_YOUR GOAL_. Beginning with the line that has "해고가 많지 않다는 것은", write out each line down to the end of the records below exactly, and include no pictures.
········
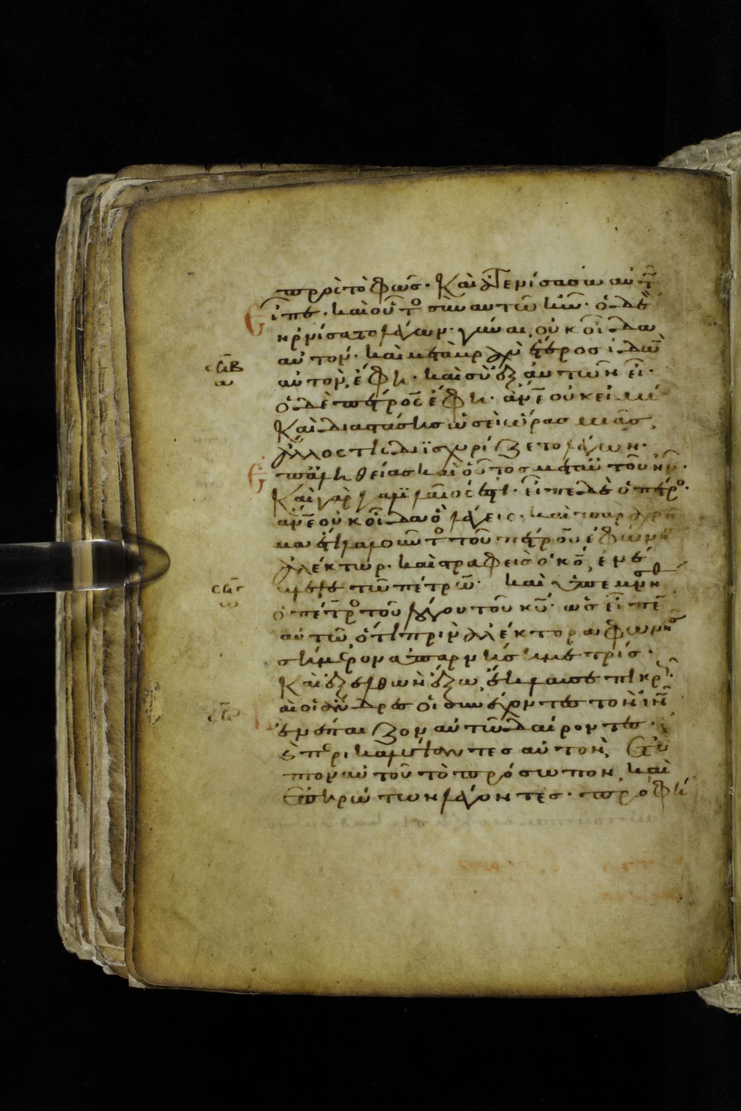 Eleventh century minuscule of the Gospels on parchment; 262 leaves, single column, 22-23 lines per column. Images were taken at the Hellenic Parliament Library in Athens.
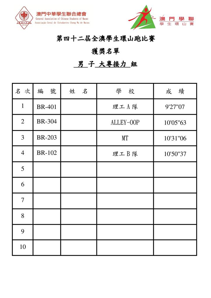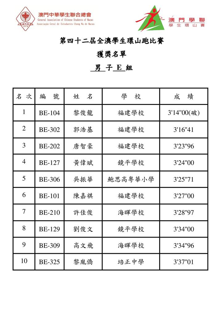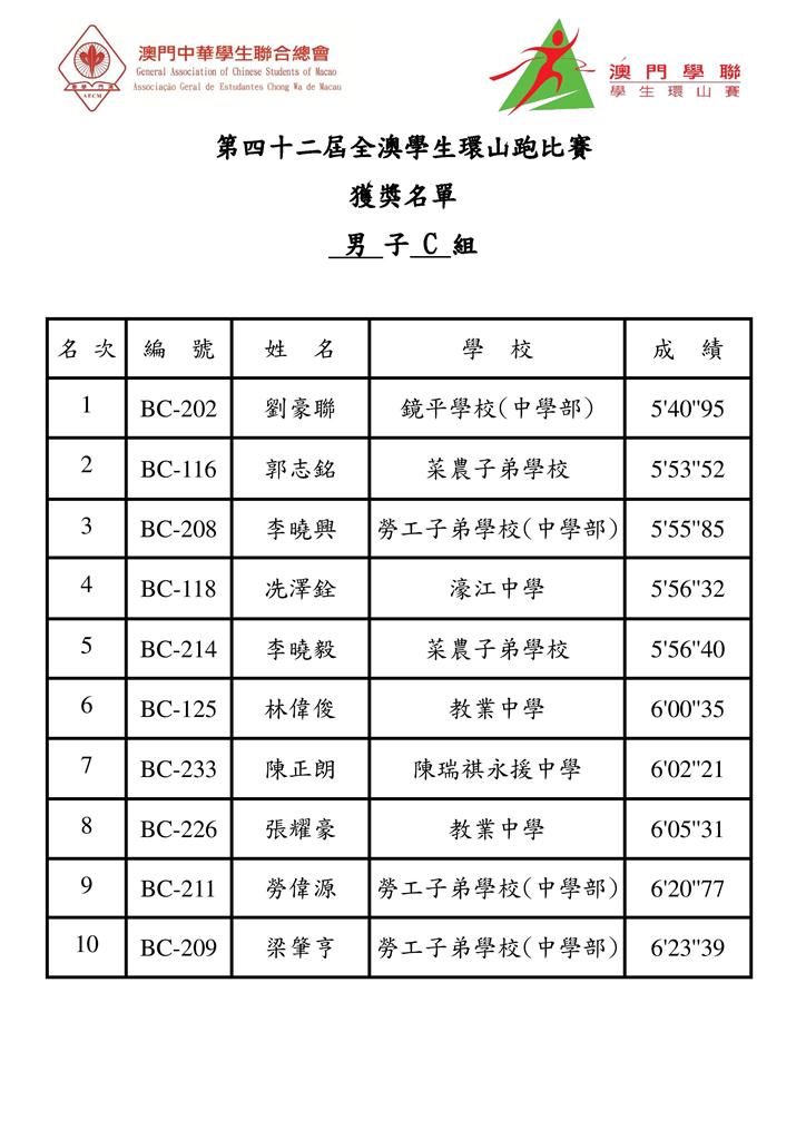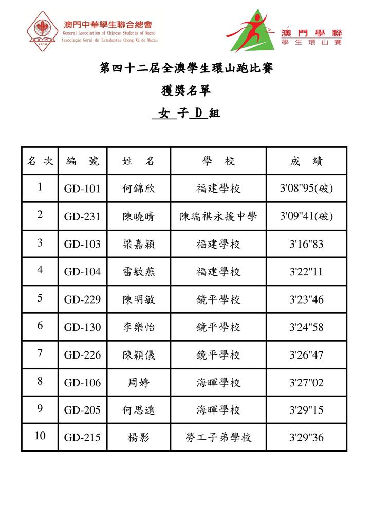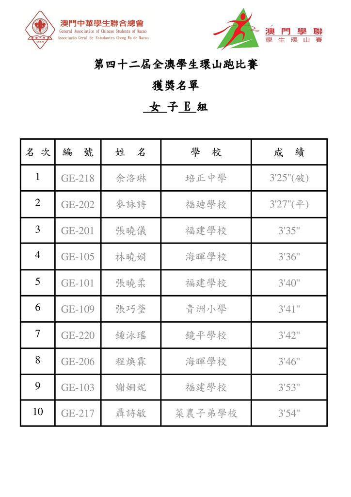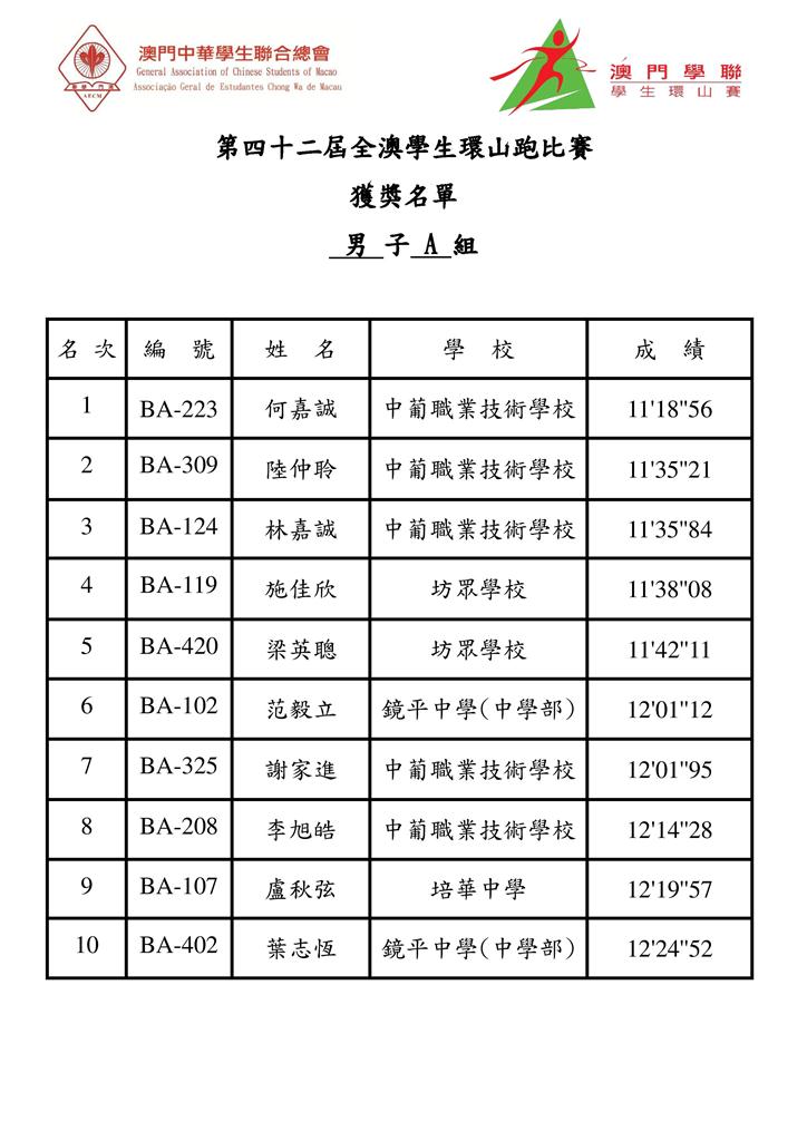 今 屆全澳學生環山跑比賽各組別獲冠名單包括:大專組,王坤(理工)、吳楊楊(理工);A組,何嘉誠(中葡職中)、李楚盈(濠江中學),B組,何權輝(澳門坊 衆學校)、蕭嘉美(化地瑪聖母女子學校);C組,劉豪聯(鏡平中學)、黃婷鈺(福建學校);D組,江志樂(鮑思高粵華小學)、何錦欣(福建學校);E組, 黎俊龍(福建學校)、余珞琳(培正中學)。
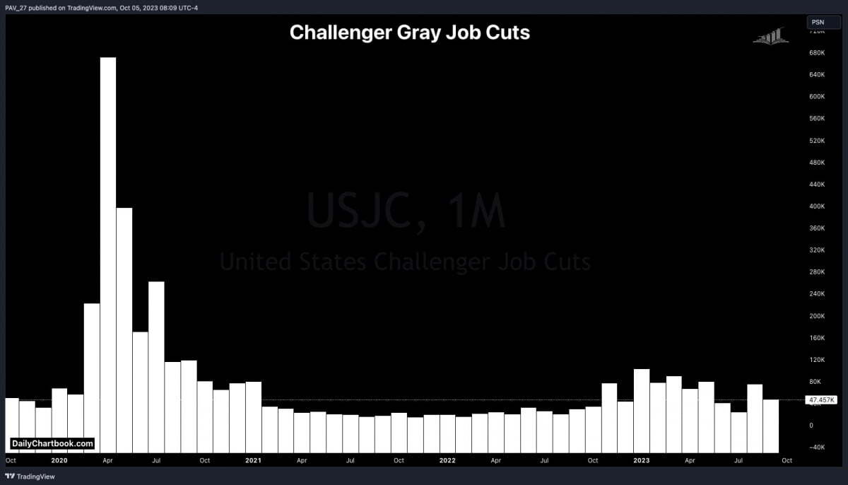해고가 많지 않다는 것은 챌린저, 그레이 앤드 크리스마스(CG&C)의 감원보고서에서도 드러났습니다. 기업의 9월 감원 계획은 4만7457명으로 전월 7만5151명보다 37% 감소했습니다. 지난해 같은 기간보다는 58% 많은 수준이긴 합니다. 9월 감원 계획 중 약 3분의 1이 소매업 부문에서 나타났습니다. 이는 소비 지출 감소에 따른 것일 가능성이 큽니다. 또 UAW 파업과 관련해 자동차 부문에서도 해고가 눈에 띄게 증가했습니다.
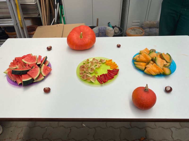 Auch in diesem Jahr sind SchülerInnen der 5. und 6. Klassen einmal in der Woche im Pflanzgarten der Franckeschen Stiftungen zu Gast. In der ersten Stunde durften sie nach einer Kennlernrunde des Areals überall naschen wo sie wollten. Anschließend haben sie Tomaten, Basilikum, Wasser- und Honigmelone sowie Paprika geerntet, gewaschen, geschnitten, präsentiert und gegessen. :-) Wenn das kein leckerer Start war!
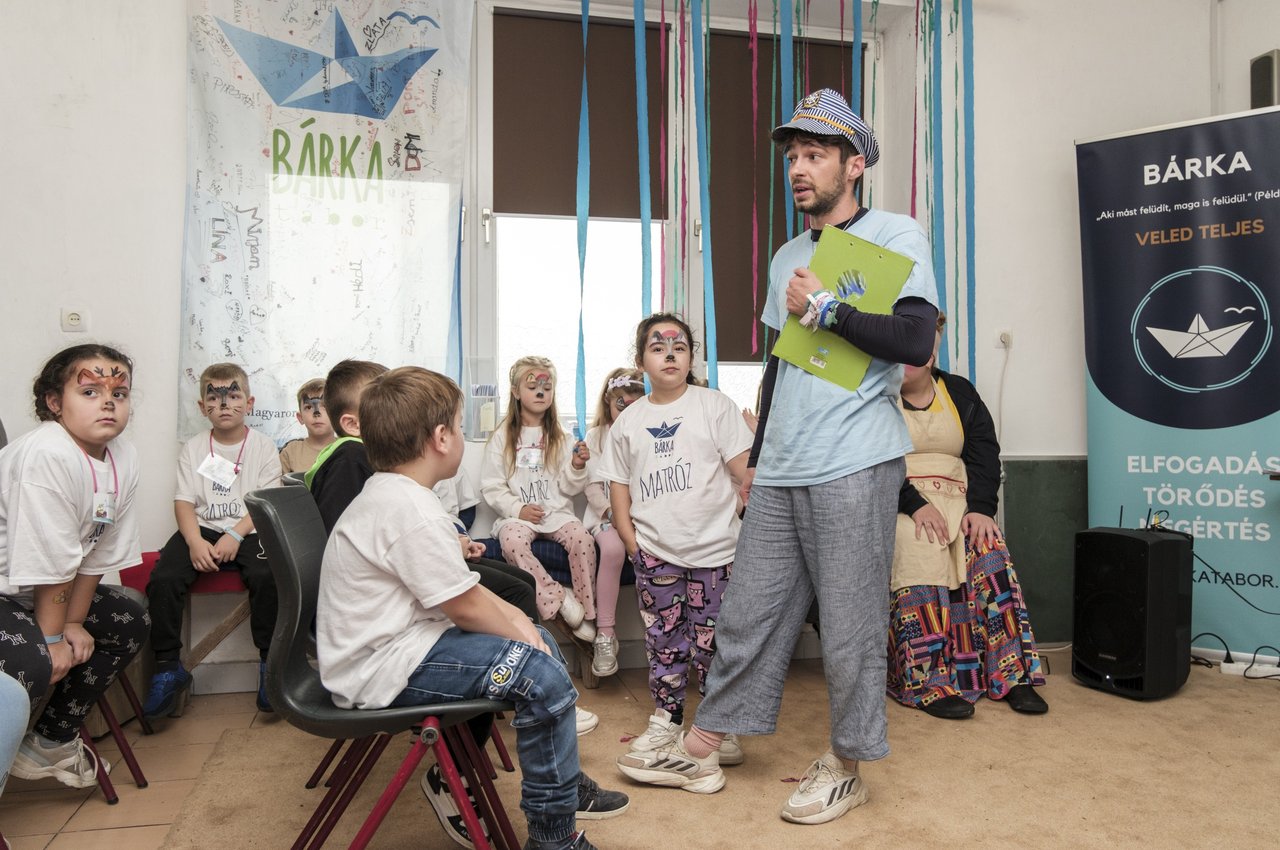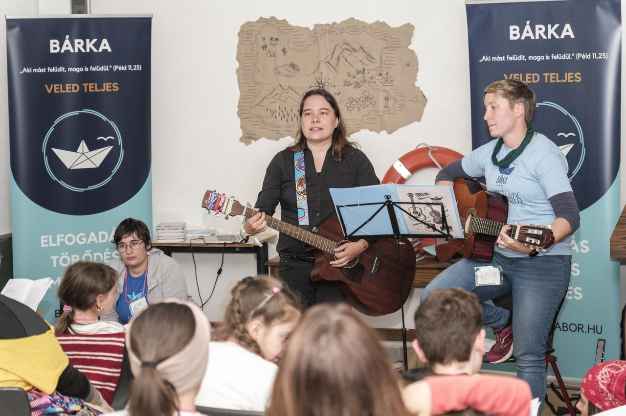 – Péter vagyok, a kőszikla! Nagyon örvendek! Péter, a kőszikla, örvendek! – mutatkozik be az apostol bőrébe bújt lelkipásztor a falu református hittanosainak, és igyekszik minél többükkel kezet fogni, majd megosztja velük a történetét, amelyben a Messiás a vízen jár. – Ha te vagy Jézus, én meg Péter, a kőszikla, mondd, hogy én is menjek feléd a vízen! – közvetíti a Szentírás szavait Pálfalvi J. Viola, a Bárka tábor vezető lelkipásztora. A dramatizált történetmondást lelkésztársa által vezetett interaktív tanítás, éneklés és imádság követi.
········
_OUTPUT BELOW_.
해고가 많지 않다는 것은 챌린저, 그레이 앤드 크리스마스(CG&C)의 감원보고서에서도 드러났습니다. 기업의 9월 감원 계획은 4만7457명으로 전월 7만5151명보다 37% 감소했습니다. 지난해 같은 기간보다는 58% 많은 수준이긴 합니다. 9월 감원 계획 중 약 3분의 1이 소매업 부문에서 나타났습니다. 이는 소비 지출 감소에 따른 것일 가능성이 큽니다. 또 UAW 파업과 관련해 자동차 부문에서도 해고가 눈에 띄게 증가했습니다.
 Auch in diesem Jahr sind SchülerInnen der 5. und 6. Klassen einmal in der Woche im Pflanzgarten der Franckeschen Stiftungen zu Gast. In der ersten Stunde durften sie nach einer Kennlernrunde des Areals überall naschen wo sie wollten. Anschließend haben sie Tomaten, Basilikum, Wasser- und Honigmelone sowie Paprika geerntet, gewaschen, geschnitten, präsentiert und gegessen. :-) Wenn das kein leckerer Start war!
 – Péter vagyok, a kőszikla! Nagyon örvendek! Péter, a kőszikla, örvendek! – mutatkozik be az apostol bőrébe bújt lelkipásztor a falu református hittanosainak, és igyekszik minél többükkel kezet fogni, majd megosztja velük a történetét, amelyben a Messiás a vízen jár. – Ha te vagy Jézus, én meg Péter, a kőszikla, mondd, hogy én is menjek feléd a vízen! – közvetíti a Szentírás szavait Pálfalvi J. Viola, a Bárka tábor vezető lelkipásztora. A dramatizált történetmondást lelkésztársa által vezetett interaktív tanítás, éneklés és imádság követi.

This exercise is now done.